TMO Genel Müdür Yardımcısı Mustafa Erdoğan Açıklama Yaptı
Toprak Mahsulleri Ofisi Genel Müdür Yardımcısı Mustafa Erdoğan, 2010 yılında dünya hububat fiyatlarında yaşanan yükselişi hatırlatarak, ''2010 yılında dünya hububat fiyatlarında yükseliş yaşanırken Türkiye'de TMO'nun başarılı regülasyonu ile halkımız bu artıştan hiç etkilenmedi.

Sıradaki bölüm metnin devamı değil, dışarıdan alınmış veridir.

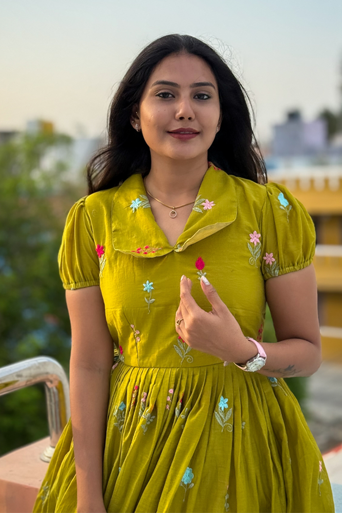 Upgrade your wardrobe with our Flower Embroidery Casual Mul Chanderi Frock, crafted from premium mul cotton blended with luxurious Chanderi fabric. Designed for comfort and elegance, this breathable and lightweight frock is perfect for daily wear, summer outings, festive brunches, and casual gatherings.
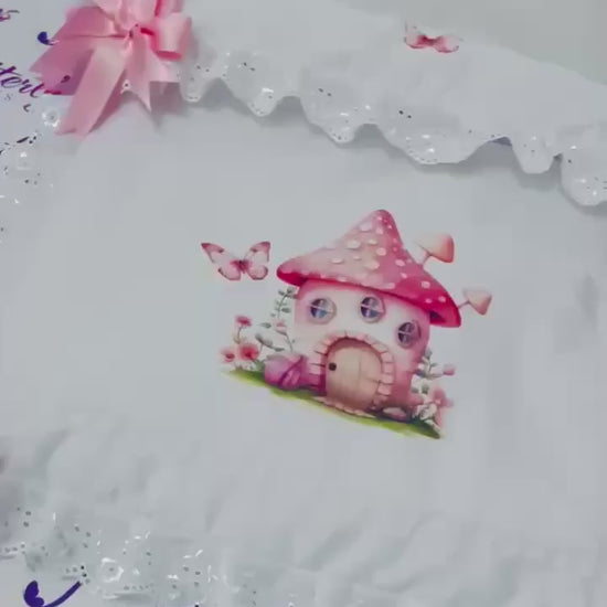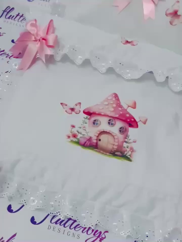 Crisp White Poly cotton fabric with pretty Pink stitch detail, embellished with pretty butterflies and flower motif's with Fairy Toadstool Cottage trimmed with broderie anglaise lace and finished with double satin ribbon bows.
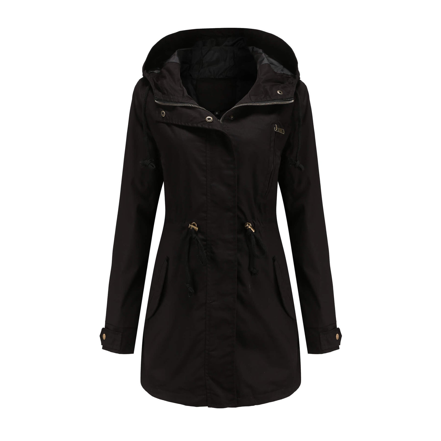 Deze dames winterjas heeft een langer model met een vaste capuchon die hoog aansluit en is uitgerust met aanpasbare koorden. Aan de voorzijde bevindt zich een doorlopende ritssluiting met een brede overslag, waardoor de lijnen van de vormgeving rustig en duidelijk zichtbaar blijven. De taille kan worden aangesnoerd voor extra nadruk op de vorm, terwijl de schuingepaatste zakken een praktische toevoeging vormen. Geschikt voor dagelijks gebruik, stadsbezoek en buitenmomenten.
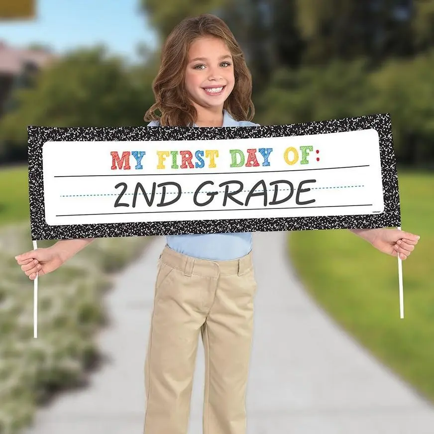 Capture the best back-to-school pictures with this My First Day Personalized Banner! The plastic banner features the headline “My First Day Of:” and a space for you or your child to write in their current grade level. The border is in a classic composition book pattern and there are attached plastic stick on either side to make it easier to hold. Use this prop every first day of school and see how your little has grown over the years.
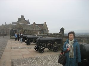 | 更に前方には北海を望む。場内にはこのような大砲が設置されている。中には15世紀、北側にむけ6トンもの巨大な大砲が設置されていた。150キロの砲丸が使われ、メアリー1世とフランス王太子フランソワ(のちの"フランソワ2世 (フランス王)"フランソワ2世)との結婚を祝い1558年に打ち上げられた | ![]() |

Hatta birçoğumuzun bu artıştan haberi bile olmadı'' dedi.
Depolanmış gıda maddelerinin, zararlı böcek ve diğer organizmalardan korunması konusunda 4 yılda bir düzenlenen 9. Uluslararası Depolanmış Ürünlerde Kontrollü Atmosfer ve Fümigasyon Kongresi , Beldibi'ndeki Rönesans Otel'de başladı.

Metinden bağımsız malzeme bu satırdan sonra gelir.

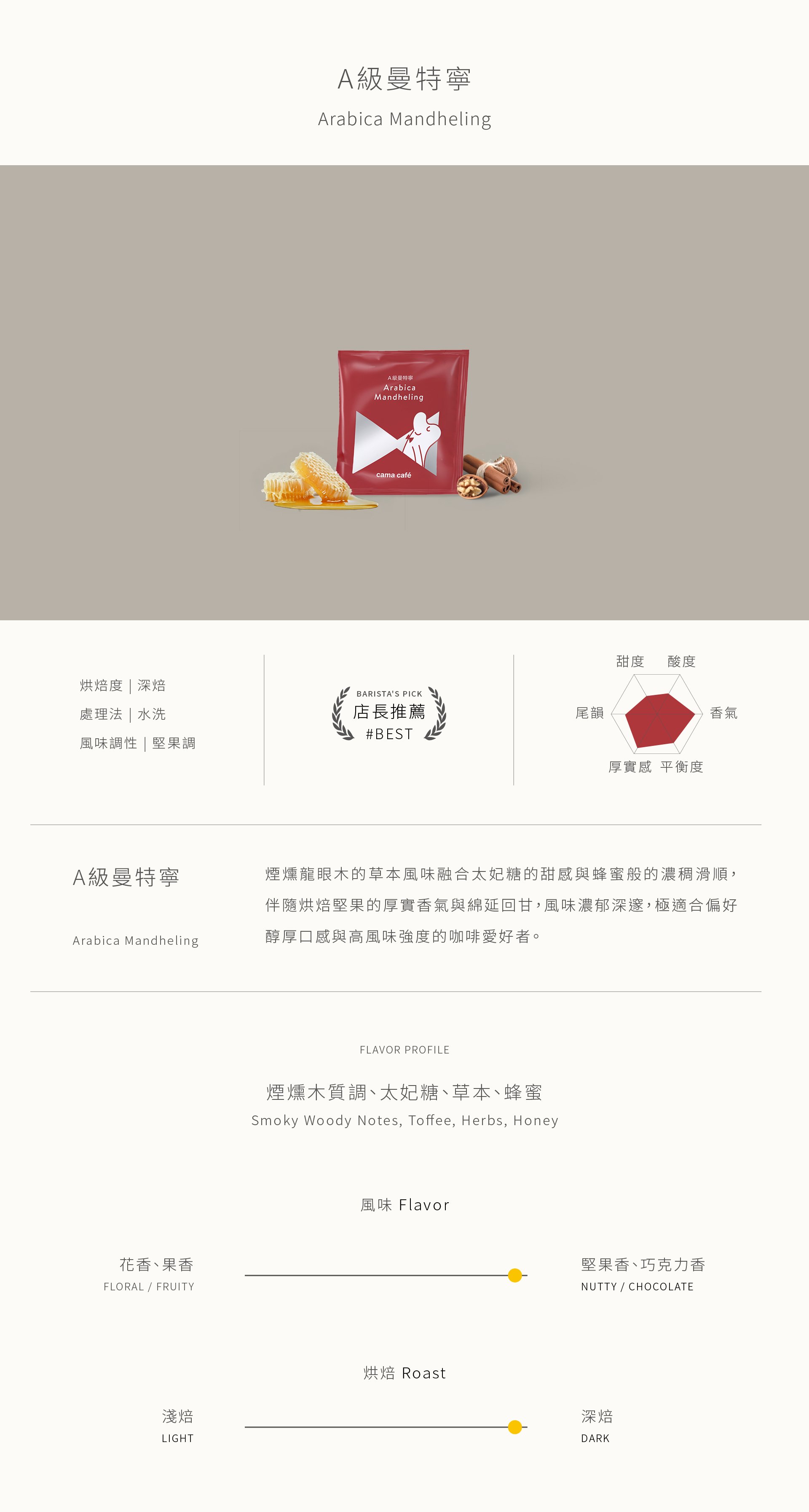煙燻龍眼木的草本風味融合太妃糖的甜感與蜂蜜般的濃稠滑順,伴隨烘焙堅果的厚實香氣與綿延回甘,風味濃郁深邃,極適合偏好醇厚口感與高風味強度的咖啡愛好者。
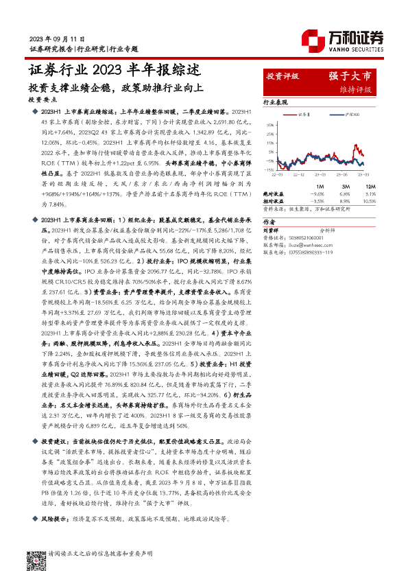 【万和证券】【20230911】证券行业2023半年报综述:投资支撑业绩企稳,政策助推行业向上-12页

Ankara Üniversitesi ve Toprak Mahsulleri Ofisi'nin organize ettiği kongrenin açılış oturumunda konuşan TMO Genel Müdür Yardımcısı Mustafa Erdoğan, TMO'nun 1938 yılında devlet eliyle kurulan bir piyasa düzenleme kurumu olduğunu anlattı.
TMO'nun temel görevinin, başta hububat olmak üzere değişik tarım ürünlerinde piyasa düzenlemesi yapmak olduğuna değinen Erdoğan, böylelikle fiyatların üreticiler açısından belli bir limitin altına düşmesi engellenirken, tüketiciler açısından da belli bir fiyatın üzerine çıkmasının önüne geçildiğini vurguladı.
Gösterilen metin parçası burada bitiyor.